Но в последние дни Лидия Николаевна отказывается от прогулок, путает явь и сон. Все понимают, что ей немного осталось. Больничный народ хорошо знает эту печать, которая появляется на лицах умирающих. Выздоровления больше не будет.
Ночью Лидия Николаевна опять напугала своих соседок: неожиданно нашла силы встать, бродила по палате, спрашивая какую-то Асю. И днем эта Ася ей мерещится. Бабуля разговаривает с ней, обращаясь при этом к Маше и умоляя ту уйти. Да если б не Маша, переглядываются соседки, несчастную давно привязали бы к кровати.
Полубред, в который старуха потихоньку проваливается, соткан из ее снов и воспоминаний. Что случилось однажды, случилось навсегда. И он для Лидии Николаевны интереснее яви, потому что краски в нем ярки, ее глаза зорки, а тело ее такое же ловкое, как в молодости. Вот только один сон пугает ее — как привязался к ней с детства, так и снится до сих пор. Будто она ходит по Теплому переулку и не может найти свою квартиру…
Теплый переулок вибрировал от веселого марша, который несся из громкоговорителя.
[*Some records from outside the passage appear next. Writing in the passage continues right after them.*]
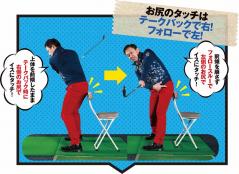 お尻でイスにタッチしてスイングするだけで上体の前傾が保てます!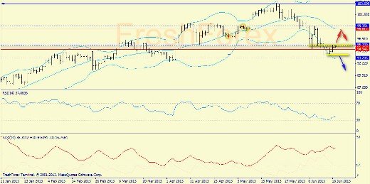 19 июня 2013, USD/JPY. Ключевые уровни - 94.00 и 95.70.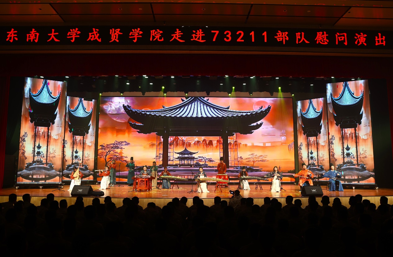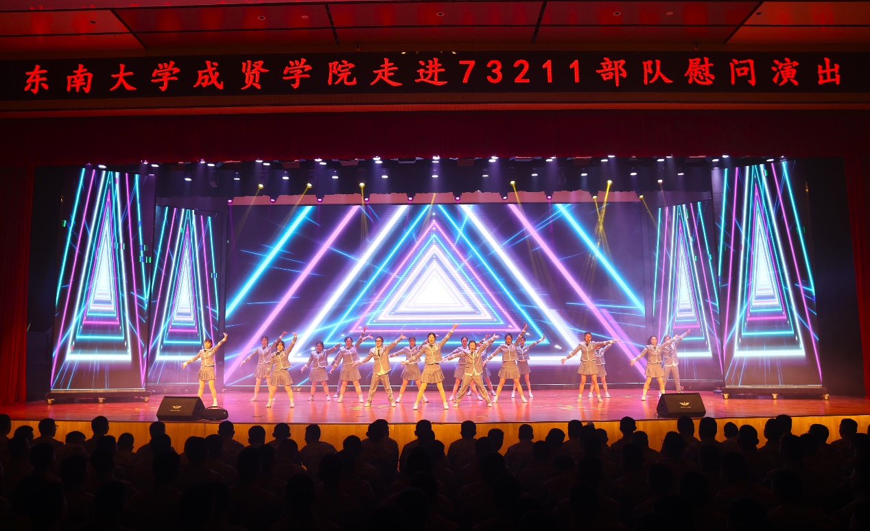 慰问演出在开场舞《Ei Ei》的青春活力中拉开序幕。歌曲串烧《雾里看花》《不要怕》《没有黄河我活不下去》《向云端》《稻香》或婉转悠长或深刻洪亮;舞蹈《梨花颂》《探清水河》柔美婀娜;《南京恋爱通告》甜蜜表白南京;《明月引》以器乐合奏书写一首充满诗意与画意的民乐佳作;舞蹈《飞天》《橘颂》以舞蹈跨越千年惊艳亮相;说唱《飘向北方》充满青春力量,振奋人心;小品《超时空重逢》演员深情演绎跨时空地重逢,致敬军人;歌舞《青春就这young》、现代舞串烧《Jenny from the block》《IMMAGETIT》充满青春活力;舞蹈《咏春》一招一式,刚劲有力,演出在歌舞《爱达未来》中落下帷幕。晚会中通过军训视频回顾了今年73211部队承训教官带训彰显着青春热血的军训时光。整场演出高潮迭起,精彩绝伦,涵盖了歌唱、舞蹈、器乐演奏、戏曲舞蹈及话剧等多种艺术表演形式,成贤学子的精神风貌和艺术展现,深情表达了艳照门 对部队的感谢。

Лида подышала внутрь поднятого воротника, согревая лицо. Что за промозглый день. Мимо проехал грузовик, украшенный ветками хвои и красными плакатами. В нем сидели продрогшие физкультурники. Уже заходя в подъезд, девочка догадалась, что сегодня праздник.
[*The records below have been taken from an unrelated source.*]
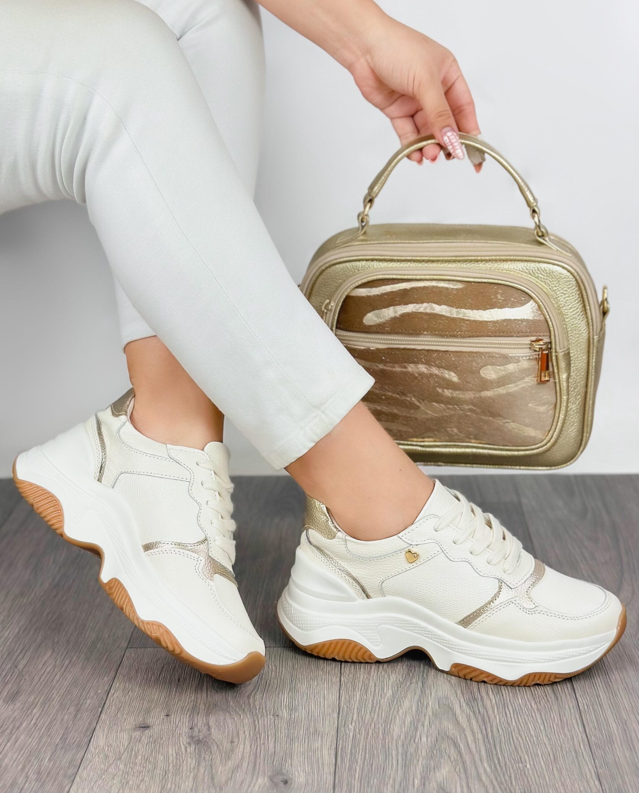 Los Tenis Dolce Talco Dorado Evoltys son ideales para quienes buscan un diseño moderno y elegante. Fabricados en cuero de alta calidad, su color blanco se complementa perfectamente con sutiles detalles en cuero a ambos lados, aportando un contraste sofisticado y atemporal. En su interior, cuentan con un abullonado en material sintético que ofrece una comodidad inigualable durante todo el día. Estos tenis combinan estilo y versatilidad, siendo perfectos para llevar con looks casuales o más formales, asegurando siempre una pisada cómoda y con mucho estilo. ¡Un diseño que resalta por su simplicidad y detalles únicos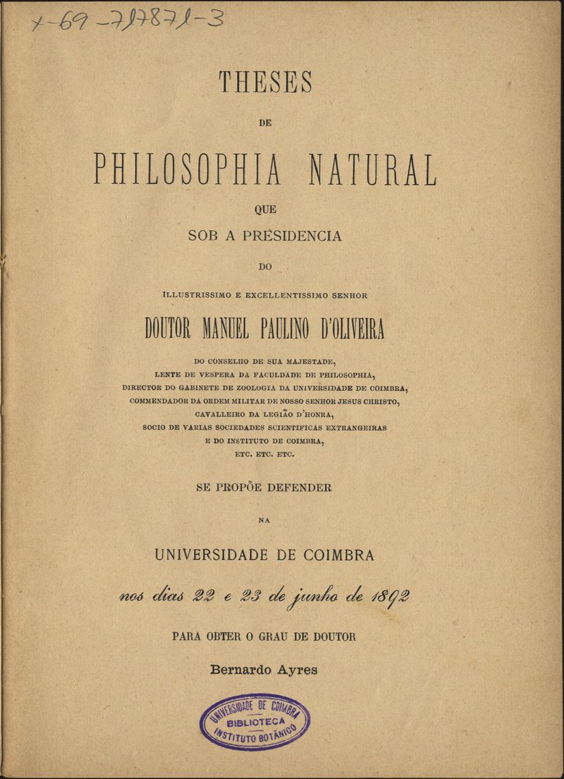 Theses de philosophia natural que sob a presidencia do illustrissimo e excelentissimo senhor Doutor Manuel Paulino d'Oliveira... se propõe defender na Universidade de Coimbra nos dias 22 e 23 de Junho de 1892 para obter o grau de doutor Bernardo Ayres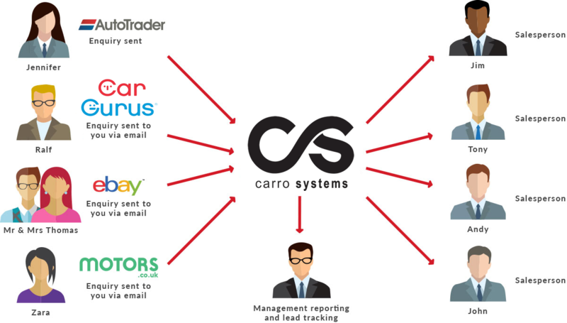 Within the Carro system, leads are alerted to users upon arrival, managers can assign leads to staff members and all leads are tracked and reported upon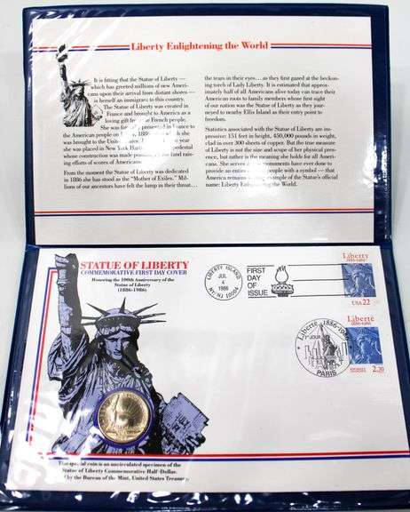 LOT 659 - Postal Commemorative society , Statue of Liberty first day cover , includes half dollar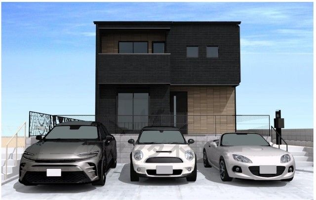 ▲E棟。完成予想図。現況と異なる場合は現況優先となります。 シンプルでいつまでも飽きのこないデザインが周囲の環境に調和し、どんなご家族にもフィットするデザインです。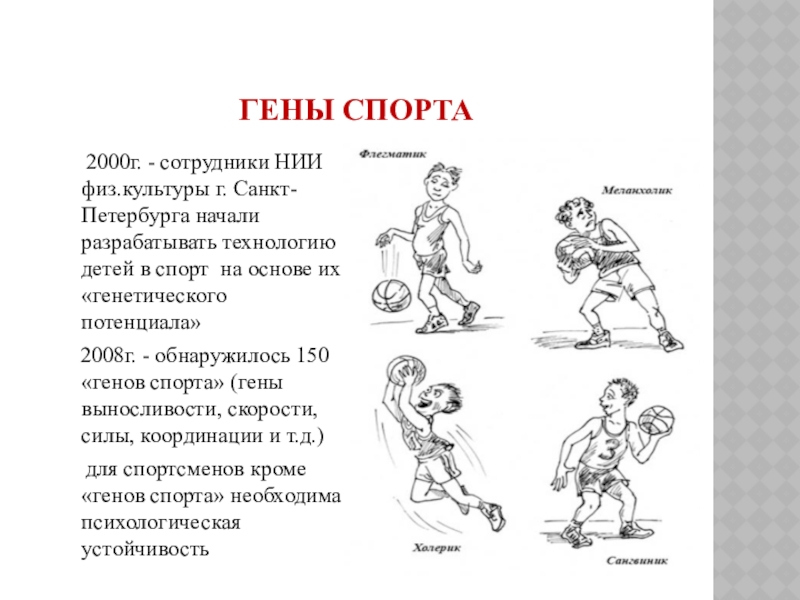 современная наука предполагает, что большинство людей могут оказаться генетически предрасположенными к занятиям различными видами спорта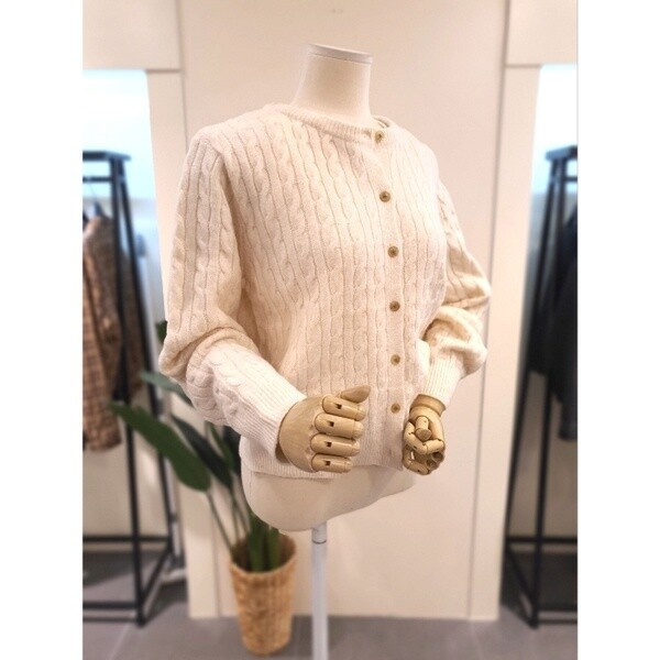 KECDPB01IV_빈스 꽈배기 라운드 가디건 아이보리

Она взбежала на второй этаж. Дверь была незнакома ей. На этой чужой двери красовались сразу несколько звонков и наклейка газеты «Правда». Лида все-таки позвонила — из квартиры высунулся старик с намыленным лицом и с помазком в руке:
— Нет тут никаких Семилетовых. И не было! — он раздраженно захлопнул дверь.
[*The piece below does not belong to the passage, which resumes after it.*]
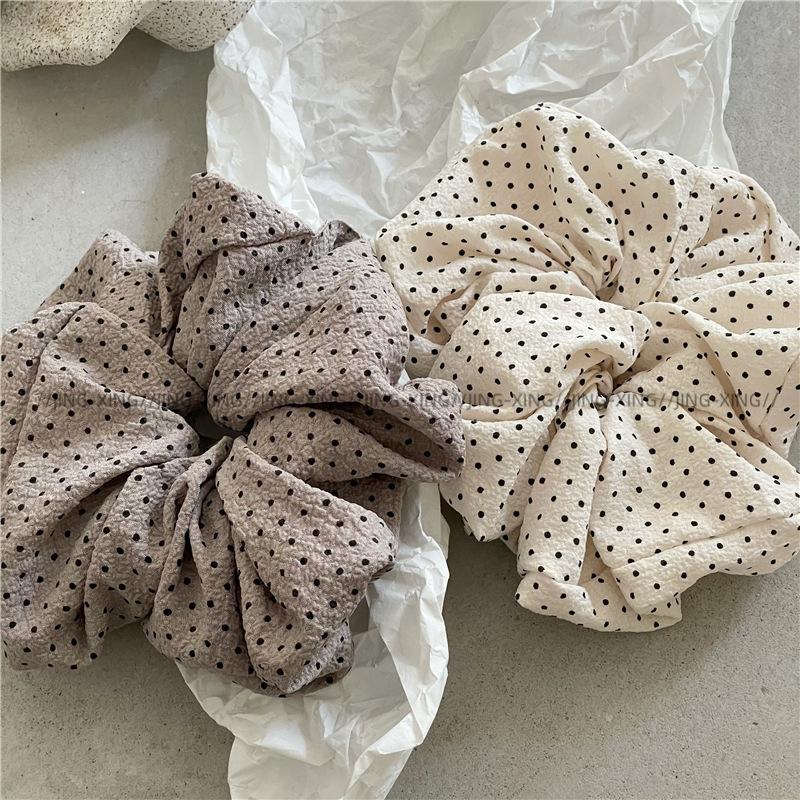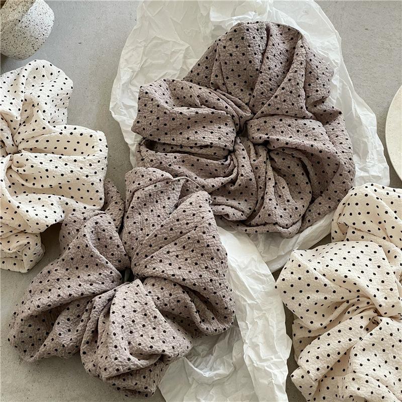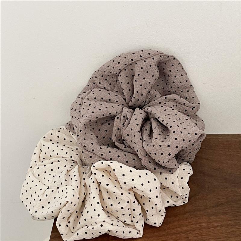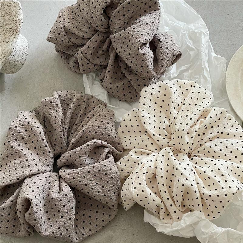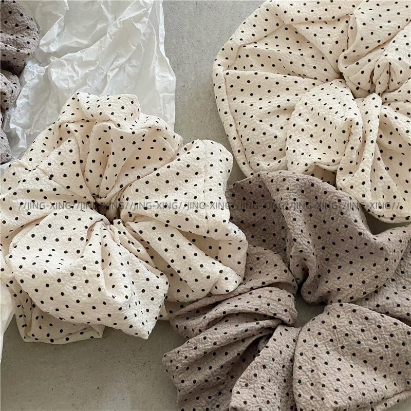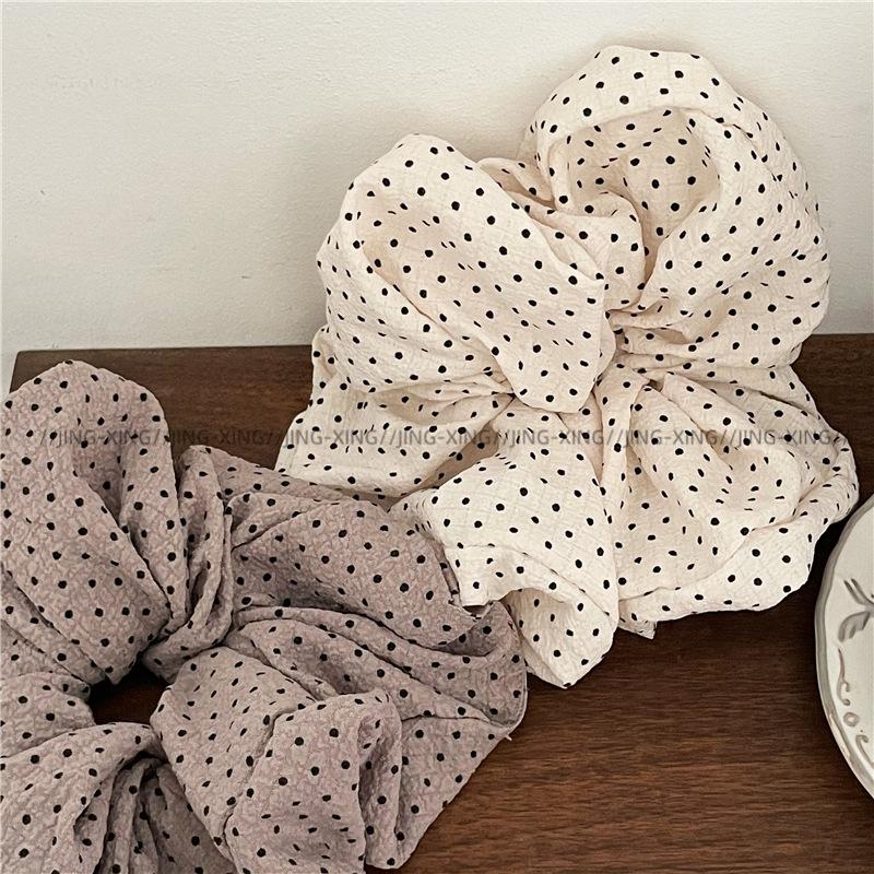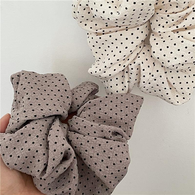 Punto de venta del producto: Nuevos accesorios para el cabello estilo coreano, tela plisada con textura de lunares negros

Лида снова побрела по переулку. Что-то мешало ей как следует разглядеть окрестности. Словно черная стена двигалась перед нею. Такой родной и такой коварный переулок! — она прожила здесь жизнь, а он не хочет признавать ее.
— Это Городовой тебя водит, — сказали рядом, и девочка остановилась. — Он чужих не привечает, — из-под брошенной телеги вылезла собака с крыльями. — Вот, смотри, сейчас из-за дома покажется, — изогнувшись, собака клацнула зубами под своим крылом, поймала блоху.
И действительно, то, что мгновение назад было крышей с печными трубами, оказалось спиной в кителе с погонами, волосатой шеей со складочками, красными от холода ушами и алым околышем фуражки, прикрывавшей бритый затылок. Фигура эта медленно колыхалась.
— Ты выверни свое пальто наизнанку и на каблуке покрутись… — посоветовала собака, уползая обратно под телегу. — Три раза! — зевнула она уже оттуда. — И уходи быстро.
— Куда? Моя дверь пропала вместе с квартирой.
— Это плохой знак. Нельзя всю жизнь так бродить….- собака задумчиво поскребла свой бок. — Может, тебя к королеве отвести?
— Это которая на волшебном дереве сидит?
— Угу, на самой вершине, — ответила собака. — Там, где собраны силы всех весенних гроз и роятся пчелы-молнии. Садись ко мне на спину.
Она взмахнула крыльями, задев девочку по лицу, и они полетели: над церковью Николая Святителя, над бывшей графской усадьбой, мимо новенькой станции «Кропоткинская» — над огороженной забором зияющей раной в земле, подготовленной для Дворца. Сделали круг над темными крышами Хамовников и неожиданно резко взмыли вверх в голубой разрыв меж тучами.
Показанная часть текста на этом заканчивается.